# Automatic Water top up system



## Arthur Malloy (Oct 22, 2010)

Has anyone found/built a stable and surefire system to top up freshwater tanks? Anyone with plans for such a system? 

I was thinking about a 50gal drum of aerated/conditioned water, then a submerged pump with 1/8-1/4" hoses (with inline valve control) running to each tank. I'll probably experiment with some smaller tanks....in the bathtub.

Ideas? Advice?


----------



## rescuepenguin (Apr 21, 2010)

Don't forget to plan for the worst case scenario. A flood would be terrible and maybe costly.


----------



## gklaw (May 31, 2010)

Hi Arthur:

I have a simple autotop off using a sump pump float switch for over 8 years - it is a industrial grade switch though - not sure about the cheaper ones. Cost less that a $100. $70 on the float switch, $25 for a solenoid and you should be good to go.

No incident yet except maybe one close one. There are ways to overcome accidents but never 110% sure. Never say never if you spend enough.

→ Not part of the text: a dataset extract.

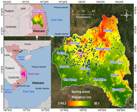 Location of the Gia Lai province and groundwater spring locations.

I will show you what I have when you come over for the E400.


----------



## Treasure chest (Apr 21, 2010)

I built one based on 7 bucks ebay switch. The key is make sure you keep your switch away from debris and lights. I hide mine in a black film canister with opening covered with mesh. nothing except water will get in and no algae growth because there is no light. Also try to limit the amount water in the reservoir. Worst case scenario that you only flood whatever water you have in the reservoir.


----------



## pistolpete (May 2, 2010)

I am curious what the point of such a system would be? It seems to me that my tanks get automatically topped up with weekly water changes.


----------



## Treasure chest (Apr 21, 2010)

If you have open top; high intensity lights which creates lot of heat; or if you have small tanks which does not hold too much water.


----------